- Born: August 9, 1923 Macon, Georgia, U.S.
- Died: January 6, 2010 (aged 86) Mill Valley, California, U.S.
- Education: University of North Carolina
- Occupations: teacher, writer
- Years active: 1953–2010
- Known for: Human Potential Movement, Integral Transformative Practice, Aikido
- Spouse: Annie Styron Leonard

= George Leonard =

American writer and educator (1923–2010)

George Burr Leonard (August 9, 1923 – January 6, 2010) was an American writer, editor, and educator who wrote extensively about education and human potential. He served as President Emeritus of the Esalen Institute, past-president of the Association for Humanistic Psychology, co-founder of Integral Transformative Practice International, and a writer and editor at Look Magazine (1953 - 1970).
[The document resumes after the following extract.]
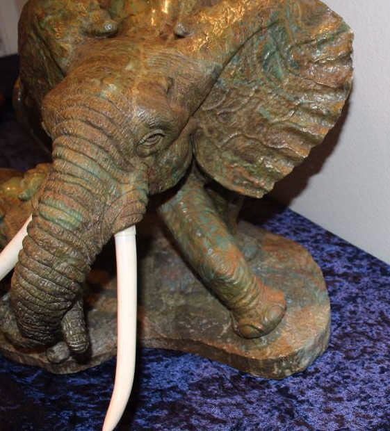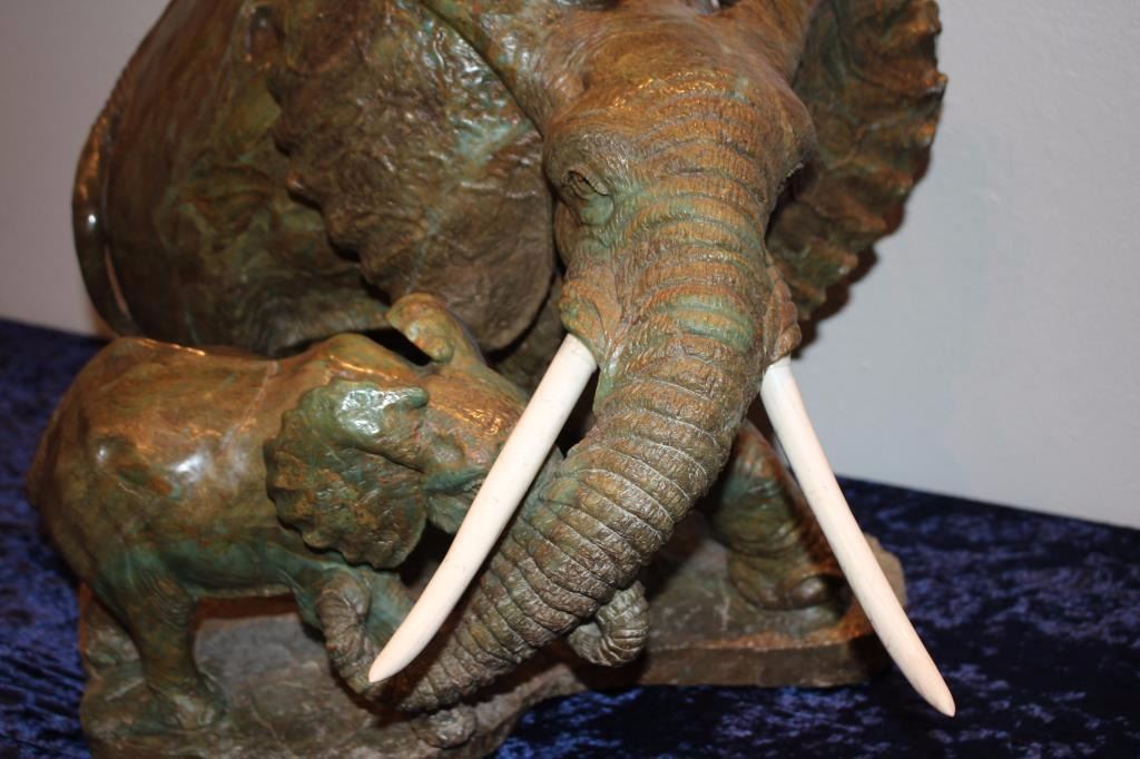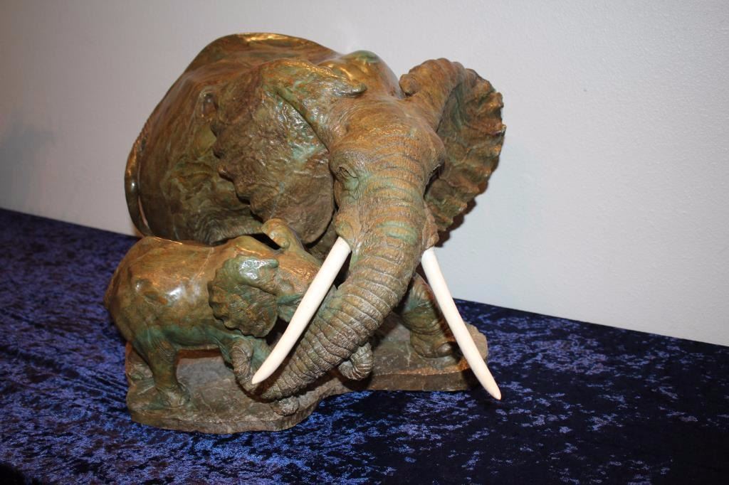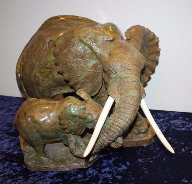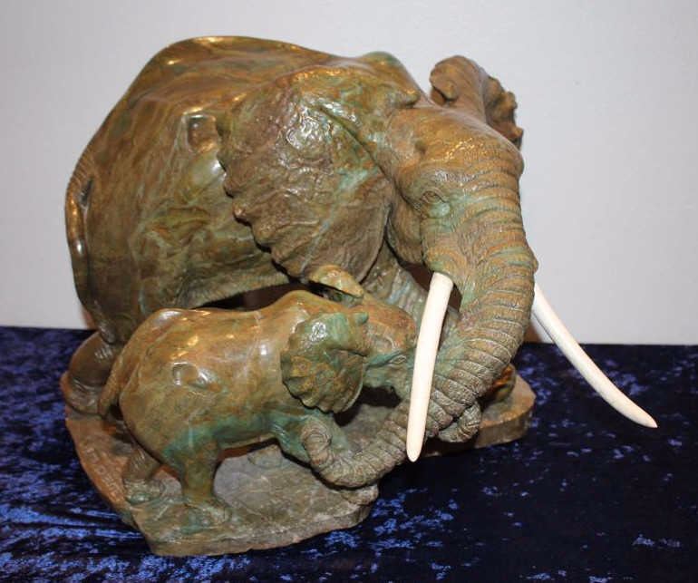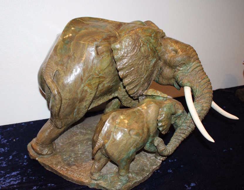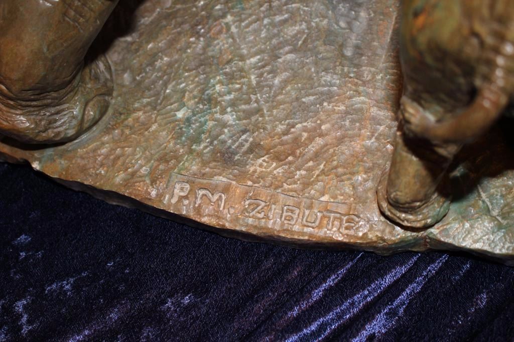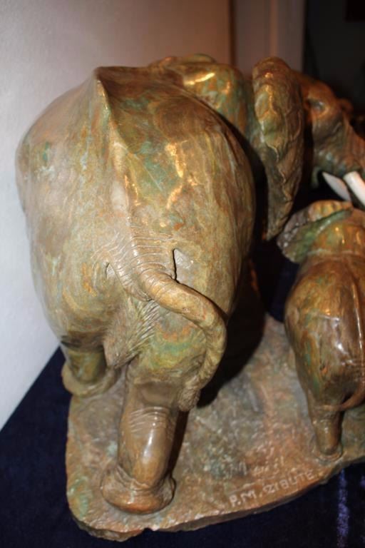 Carved hard stone (Verdite from Zimbabwe similar to jade) statue by P.M. Zubute who’s considered the top African artist in this field by many Safari Club and art collectors. This statue shows an African elephantguarding its baby. Measures approximately 16 ½” in height by 22” across the widest part of the base. Very heavy. P.M. Zubute carvings of this size and quality have realized above $25,000 at Safari Club auctions. Est.:$5,000-$10,000

He was a United States Army Air Corps pilot, and held a fifth-degree black belt in aikido.
Typical of his philosophy, life's work, and the times (1960s), Leonard stated: "Western civilization has been a 2,000 year long exercise in robbing people of the present. People are now learning the powerful joys that hide in the narrow place of the hourglass, the eternal moment. Here is their golden learning: to see - really see - spring flowers; to feel - really feel - the grace of love."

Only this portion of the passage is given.